A working implementation of my real-time activity recognition system:

Times at which I perform the various activities: Squats - 0:20, Pushups- 0:40, Bicep curls - 1:04, Tricep extensions - 1:20, Walking - 1:41, Rest - 2:00.

How does it work?
The set up involves two iPhones: one is worn on my forearm (iPhone 4s) to capture motion, and the other (iPhone 6 - right corner of the video) displays the predicted activity.

The iPhone 4s is the brains of the operation. It captures my motion through the accelerometer and gyroscope sensors, transforms this raw data into meaningful input vectors, feeds them into a multi-layer neural network which then outputs a prediction. This value is then sent and displayed on the iPhone 6 via bluetooth. This whole process repeats every second to produce a local and real-time* activity recognition system.

*The recognition is not perfectly real-time. There is an inherent lag of ~3 to 4 seconds. This is because the system uses a 4-second window (with a sliding length of 1 second) to compute the input vectors for the neural network. Thus the system predicts the correct label approximately 3 to 4 seconds after an activity has been started.

What’s with the random predictions at times?
These random predictions have a pattern. They occur during the transitional periods between exercises. The neural network does not know about transitions, so it tries to fit an activity to the observed motion. As the motion during these periods is sporadic, the predictions jump from activity to activity.

The video shows the raw output of the neural network. In my project, I have addressed this problem by employing a simple accumulator strategy. The raw prediction of the neural network is fed into an accumulator which requires a threshold (i.e. a streak of x consistent predictions) to be met before changing its prediction to a new activity.

The app

The iOS application has three major functions:

Viewer: This view looks for devices running the app in 'Tracker' mode so it can connect and display the input it receives.
Tracker: Once the user hits 'Starts Tracking', this view performs the 'activity-recognition' part and then sends its output to devices running in the 'Viewer' mode.
Trainer: Allows the user to perform additional training on any activity. Once the user's motion has been captured, the neural network learns from this data to better adapt to the user's form.

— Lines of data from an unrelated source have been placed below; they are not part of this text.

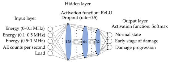 To suppress overfitting, a dropout layer was placed after each hidden layer, with a dropout rate of 0.5. The Adam optimizer was used for model optimization, and categorical cross-entropy, which is suitable for multi-class classification, was adopted as the loss function. Classification accuracy was used as the evaluation metric.
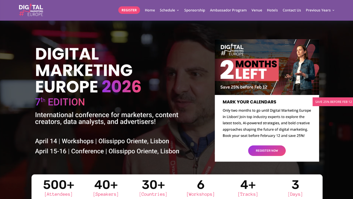 | 2026-04-14 | Digital Marketing Europe 2026 | Lisbon, Portugal |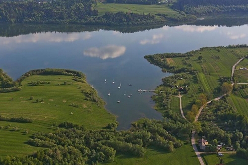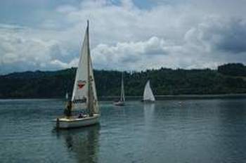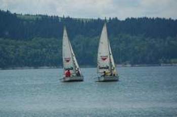 Po południu czekała nas jeszcze jedna niespodzianka - przepiękne słońce oraz wiaterek /3 - 4 bft/ umożliwił krajobrazowy mini rejsik w kierunku zapory - 3 jednostki kl. Puck /Banan, Biały i Lubań/ oraz Delfinek wraz z załogami podziwiali piękny krajobraz jeziora pomiędzy dwoma zamkami /Czorsztyn Niedzica/.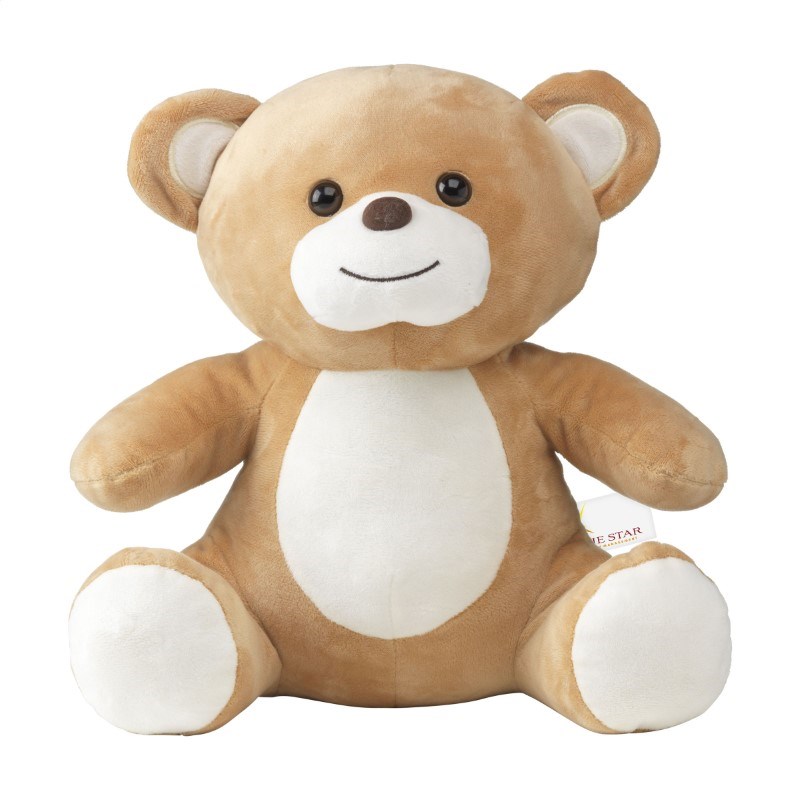 Lichtbruine, superzachte knuffelbeer in extra groot formaat. Met kraalogen en verharde neus.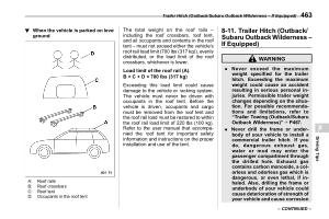 . Never exceed the maximum weight specified for the trailer hitch . Exceeding the maximum weight could cause an accident resulting in serious personal injuries . Permissible trailer weight changes depending on the situation . For possible recommendations and limitations , refer to “ Trailer Towing ( Outback / Subaru Outback Wilderness )” FP467 .
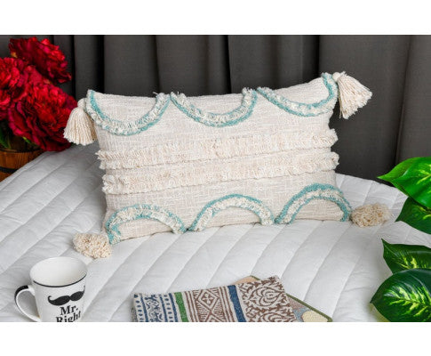 Tassels Linen Cushion Cover 30*50cm Beige Pillow Cover Handmade Boho rustic decor cream Moroccan Cushions Hand Tufted Cushion Lumbar Pillow
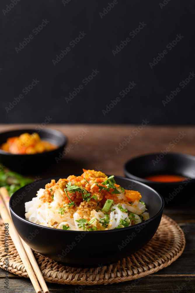 Rice noodle mixed with spicy tomatoes sauce, Tai Yai food in Northern of Thailand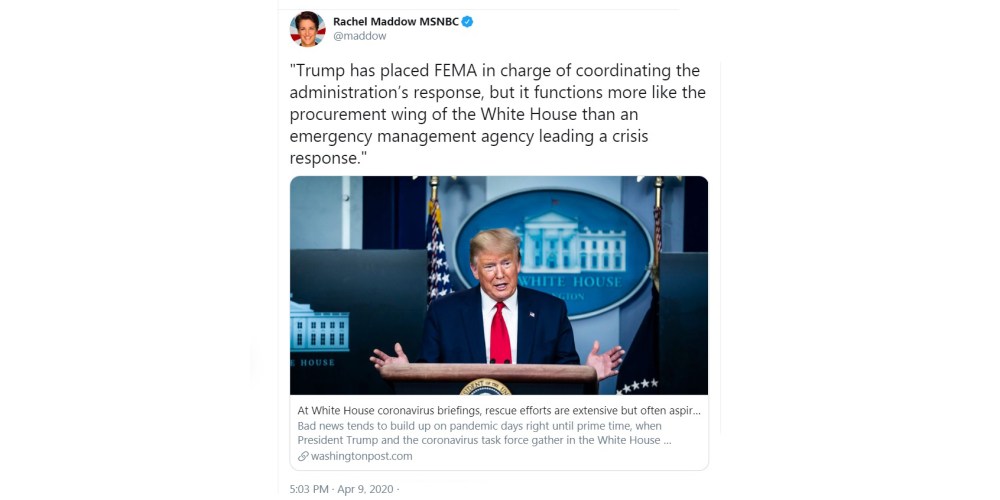 "Trump has placed FEMA in charge of coordinating the administration’s response, but it functions more like the procurement wing of the White House than an emergency management agency leading a crisis response."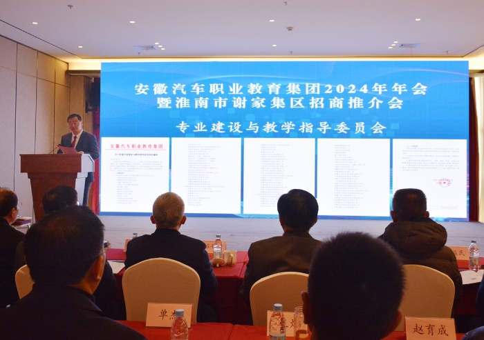 为深入学习贯彻党的二十大和二十届二中、三中全会精神、全国教育大会精神、习近平总书记考察安徽重要讲话精神和省委十一届八次全会精神,在安徽省教育厅职业与成人教育处、安徽省职业与成人教育学会指导下,在淮南市委、市政府的支持下,安徽汽车职业教育集团、谢家集区人民政府共同主办的安徽汽车职业教育集团2024年年会暨谢家集区招商推介会于2024年12月21日在淮南市胜利召开。淮南市委常委、宣传部部长邬平川,淮南市谢家集区人民政府区长陈亚东,省职业与成人教育学会会长李兴旺,安徽职业与成人教育学会副会长朱国苗,安徽省职业与成人教育学会常务副秘书长、中职分会会长方润生,安徽省优秀中等职业学校联盟理事长杨益民,安徽省机械行业联合会执行副会长冯皖东,副理事长单位安徽理工大学继续教育学院(汽车应用技师学院)党委书记王开松,副理事长单位淮南联合大学副校长邓琪,副理事长单位上海博保汽车科技有限公司 董事长、上海博世职业技术学校校长刘勇,理事长单位安徽机械工业学校(安徽机械技师学院)党委书记徐黎等领导出席会议,集团各会员单位共130余位嘉宾参会。安徽机械工业学校(安徽机械技师学院)党委副书记、校长李用俊主持会议。

Rationale for using a neural network
Neural networks provide a level of malleability that is very important for this project. The multi-layer network is implemented using online learning and this enables a level of personalisation. The neural network comes with a base training set (my training data) but the user is able to build on this by performing additional training. With this extra training the network can adapt and change to fit and match user's form.

This level of malleability is not available in decision trees. A decision tree would have to be re-built each time to accomodate additional training from the user. This is a relatively computationally expensive solution as the data set grows.

I experimented with a naive Bayes classifier and although it's quicker to build and has no optimisation step, the neural network had higher accuracy in almost all of the test scenarios.

Test results
The neural network has high accuracy on my activity data. It achieves accuracy levels of ~93% on a test circuit containing 5 exercises — with transitional periods removed. Such high accuracies are to be expected as it’s trained on my data. To test it out on another person, I recruited one of my friends to complete the same test circuit. The system achieved accuracy levels of 78% without additional training, and 92% with 30 seconds worth of additional training per activity. These results look promising but I’m going to conduct more tests with additional participants over the next week to see if the results are reproducible.

Some random/highly specific questions you may have:

Can it count repetitions for gym exercises?
Not yet. I would love to add that functionality but I haven't had time to tackle that problem yet.

Wouldn’t a better approach be to initially train the neural network on more than just one person?
That is a great point! In fact Microsoft’s research arm published a paper last year doing exactly that. Although they achieved great results, their initial training cohort consisted of 94 participants! I, as a one man team, can’t possibly duplicate that. This is why I created a system that can adapt, eliminating the need of Microsoft level resources.